CR Time Cut in Half: Human reviewers no longer need to spend time catching trivial issues like “incorrect naming” or “broken formatting,” allowing them to focus on business logic and architecture.
Lower Emotional Cost: Being corrected by a robot feels much better than being corrected by a colleague 😂.
Faster Onboarding: The Agent’s report is an excellent teaching tool. Newcomers can run the Agent before submitting code to learn the project’s standards.
Living Documentation: Previously, the Coding Style on the Wiki was ignored. Now, it has become the AI’s enforcement basis. Every time rules.md is updated, the entire team’s standards are synchronized.
Continuous Evolution of Rules: Through AI Code Review, we can encourage team members to constantly update and refine rules.md. When new pitfalls or better practices are discovered, everyone proactively initiates PRs to update the rules, allowing the standards to grow with the project.

Conclusion

“Automation is about respecting your time.”
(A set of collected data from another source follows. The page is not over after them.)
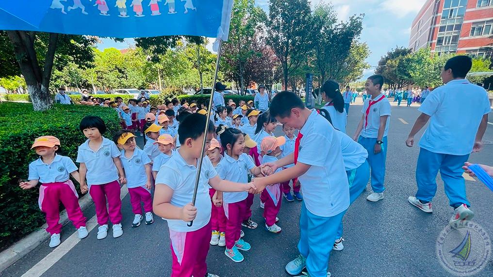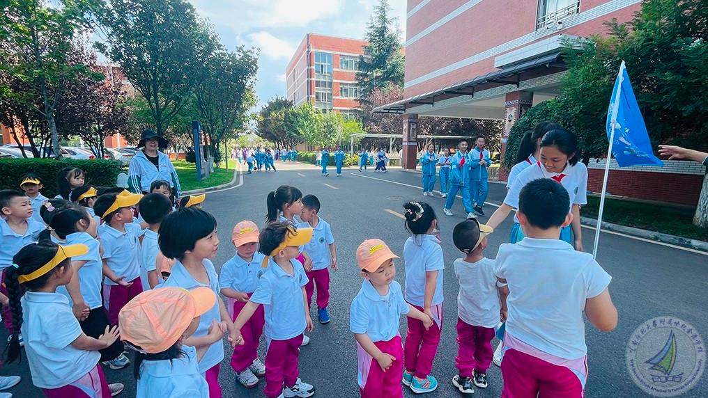 不知不觉来到中学,大哥哥大姐姐看到幼儿园的小精灵们,都忍不住围了上来,热情地与他们打招呼。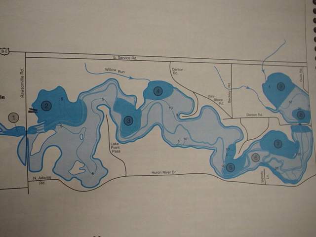 Posts: 1137 Location: Holly, MI | Cool pic of the little ones. This lake is pretty good size at 1270 acres. It is a dammed off river with a river in on the left of the pic. This pic is about 1/2 the lake. Max depth is 30 feet with most of the lake at about 5-10 ft. Sounds like there might be some decent fish worth chasing already. Look at the map pictured on the link and tell me where and how you would fish this lake. I know there is a lot of data missing like underwater structure etc but do your best. Zebra mussles have cleaned up the water and the weed growth has risen as expected. The water is light brown but good visability for sight fishing. Help me with the map game. I'm tired of filing hooks, making new lures, cleaning reels, etc. Time to think about actual FISHING!! Attachments ---------------- Fishing 012.jpg (151KB - 336 downloads) | ||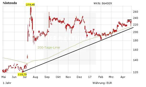 Dank der starken Nachrichten rund um Switch konnte die Nintendo-Aktie Boden gut machen und sich weiter von der wichtigen 200-Tage-Linie nach oben absetzen. Investierte Anleger bleiben an Bord.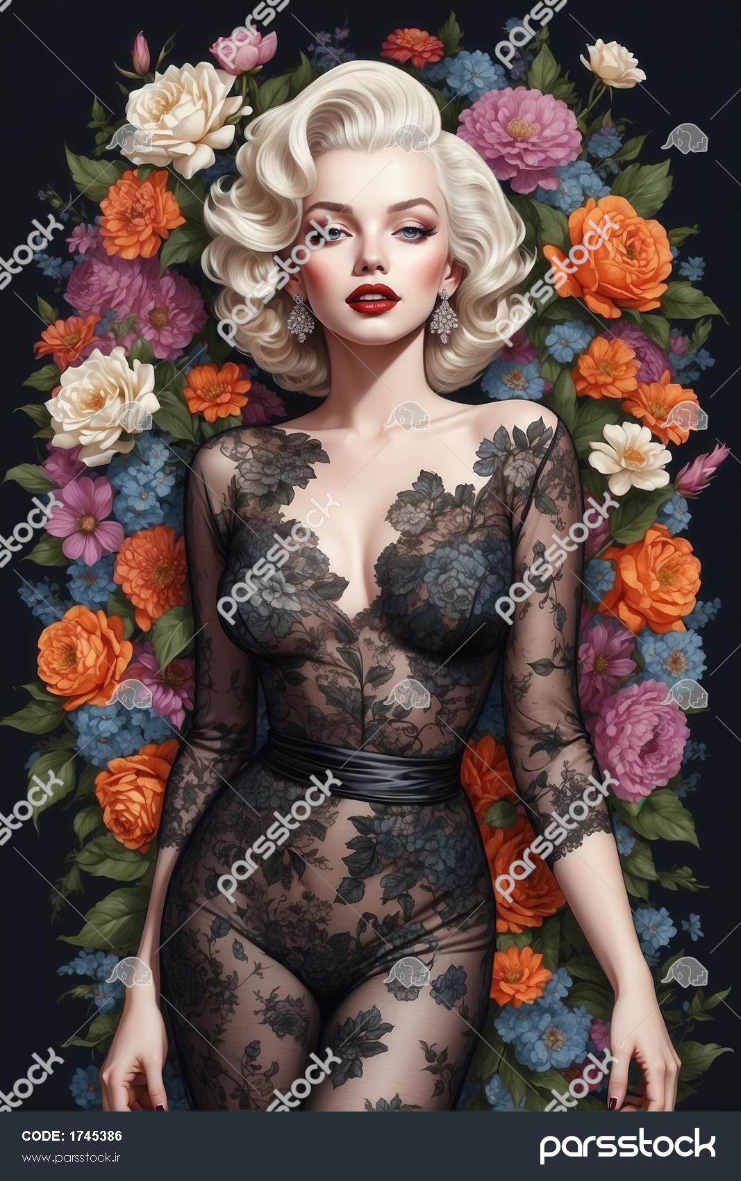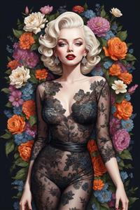 پرتره هنری مرلین مونرو در لباس بادی توری مشکی و گل‌های رنگارنگ، مناسب تابلوهای دکوراتیو با تم کلاسیک و مدرن

By standardizing Code Review rules and delegating execution to AI, we haven’t just improved efficiency; more importantly, we’ve built an evolvable quality gatekeeping mechanism.

If you are struggling with your team’s code quality, try creating your own rules.md and Agent. Let AI become your team’s strictest yet most loyal gatekeeper!